> **Your assignment**
The full listing should be written out verbatim, and its images should be dropped.

> **Excerpted data**
——

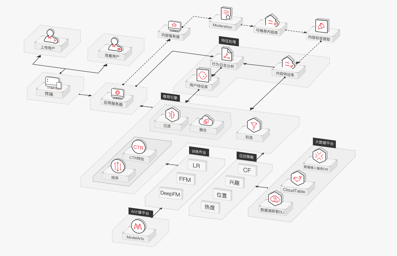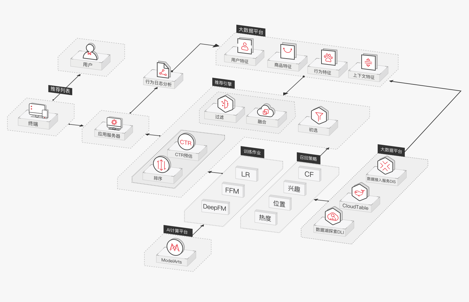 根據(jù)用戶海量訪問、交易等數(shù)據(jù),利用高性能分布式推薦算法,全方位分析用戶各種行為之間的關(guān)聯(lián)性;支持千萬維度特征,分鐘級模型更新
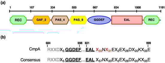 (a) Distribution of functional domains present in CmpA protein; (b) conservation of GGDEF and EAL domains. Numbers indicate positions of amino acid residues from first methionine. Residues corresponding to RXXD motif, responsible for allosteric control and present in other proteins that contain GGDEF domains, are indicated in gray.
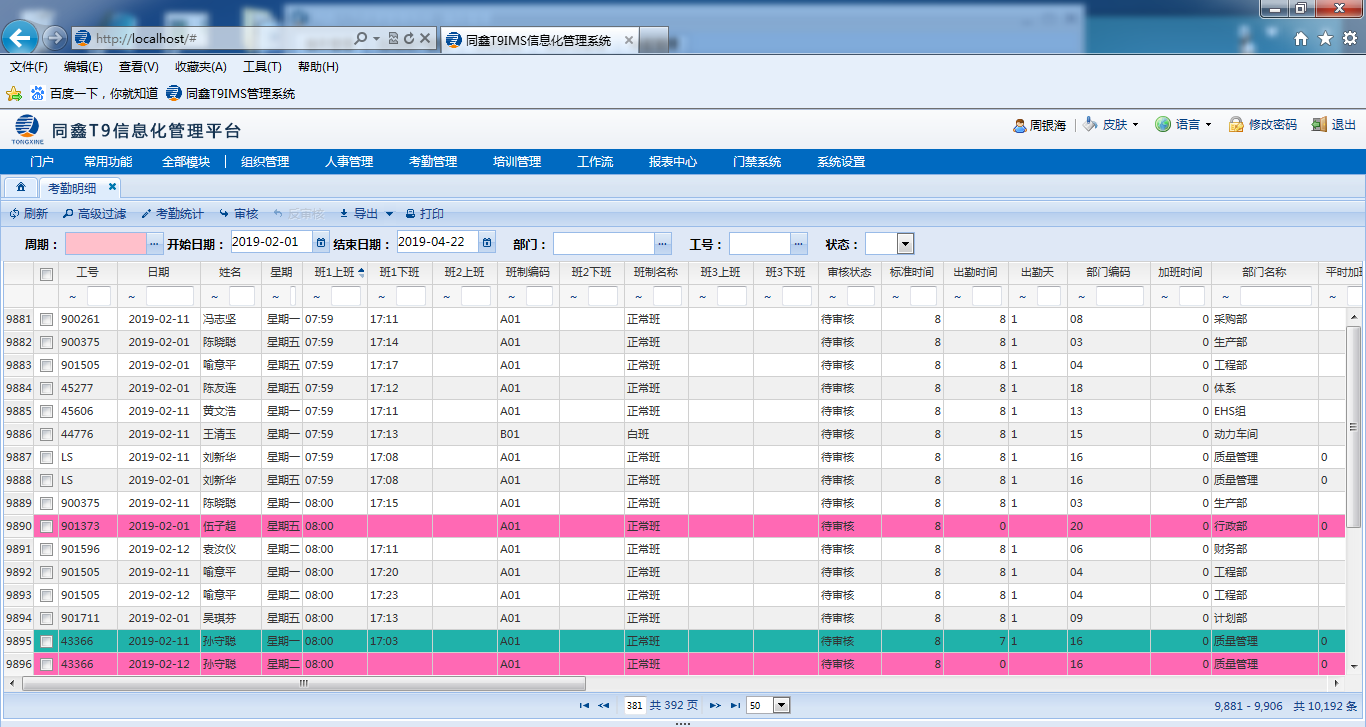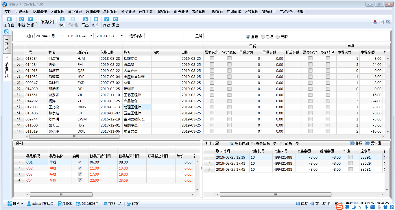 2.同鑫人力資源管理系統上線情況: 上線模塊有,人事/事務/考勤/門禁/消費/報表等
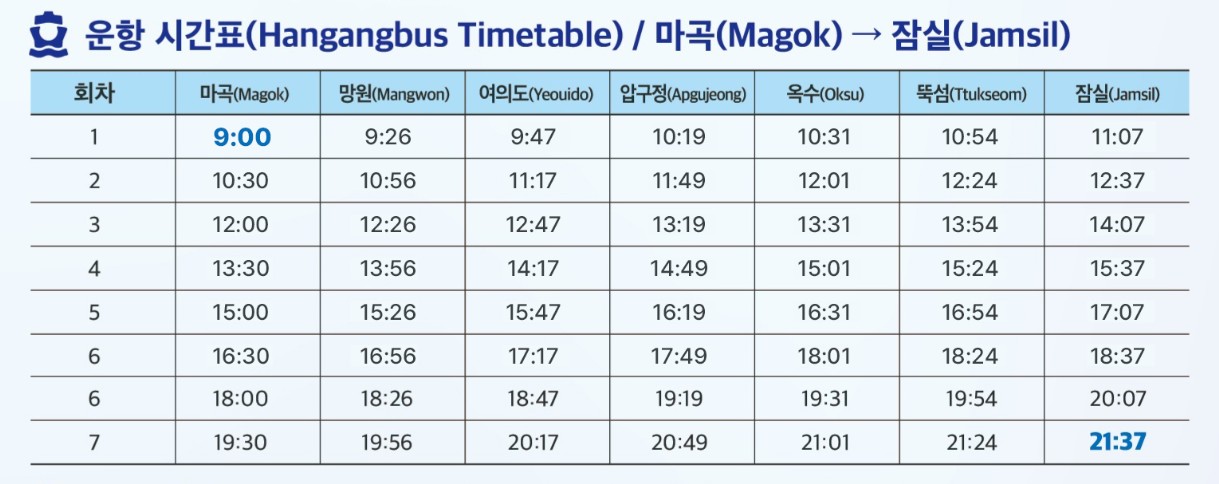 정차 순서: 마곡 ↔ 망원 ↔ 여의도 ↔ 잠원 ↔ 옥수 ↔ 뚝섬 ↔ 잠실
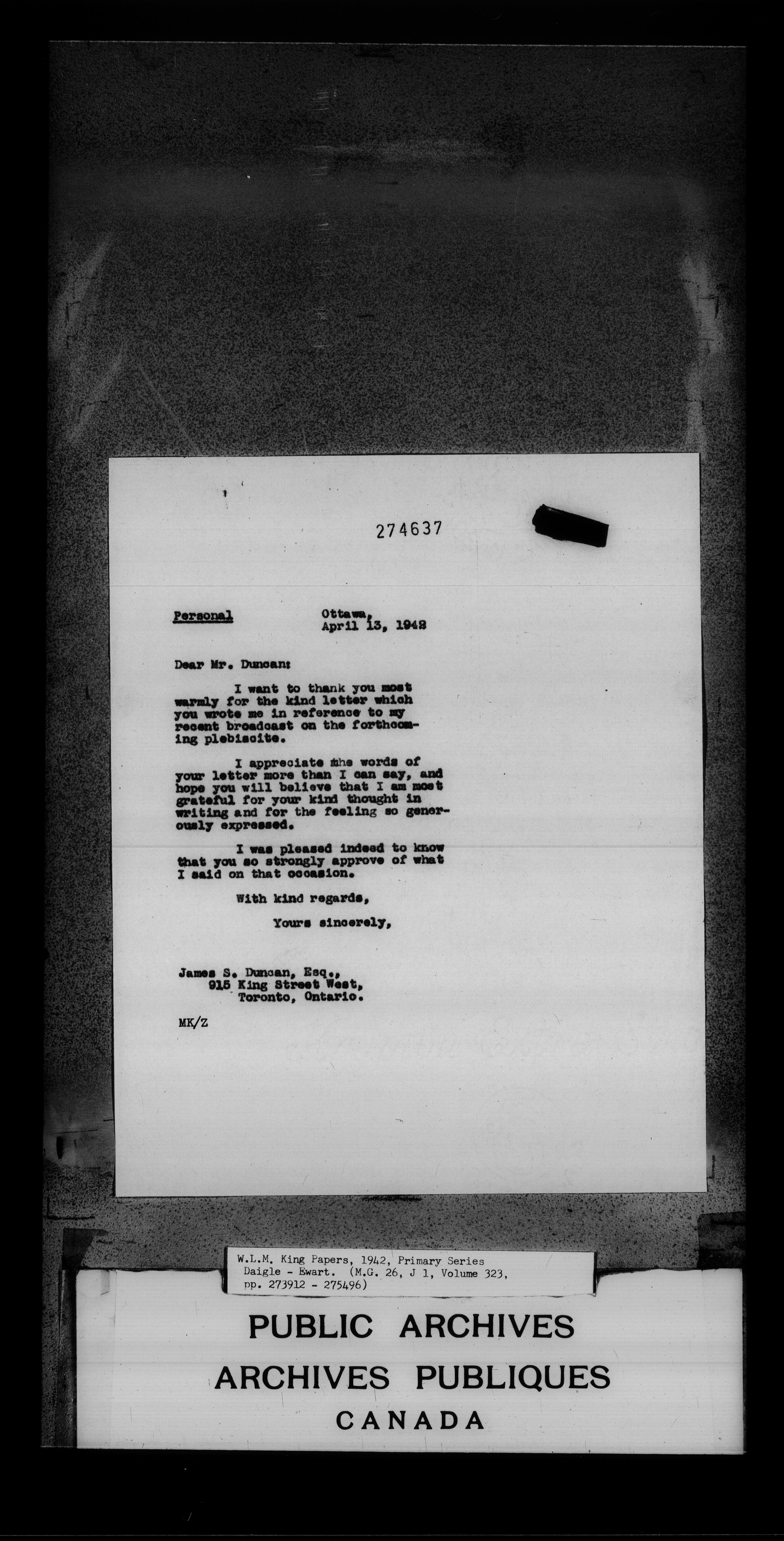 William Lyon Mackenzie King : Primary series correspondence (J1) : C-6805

——

> **Answer to this exercise**
 根據(jù)用戶海量訪問、交易等數(shù)據(jù),利用高性能分布式推薦算法,全方位分析用戶各種行為之間的關(guān)聯(lián)性;支持千萬維度特征,分鐘級模型更新
 (a) Distribution of functional domains present in CmpA protein; (b) conservation of GGDEF and EAL domains. Numbers indicate positions of amino acid residues from first methionine. Residues corresponding to RXXD motif, responsible for allosteric control and present in other proteins that contain GGDEF domains, are indicated in gray.
 2.同鑫人力資源管理系統上線情況: 上線模塊有,人事/事務/考勤/門禁/消費/報表等
 정차 순서: 마곡 ↔ 망원 ↔ 여의도 ↔ 잠원 ↔ 옥수 ↔ 뚝섬 ↔ 잠실
 William Lyon Mackenzie King : Primary series correspondence (J1) : C-6805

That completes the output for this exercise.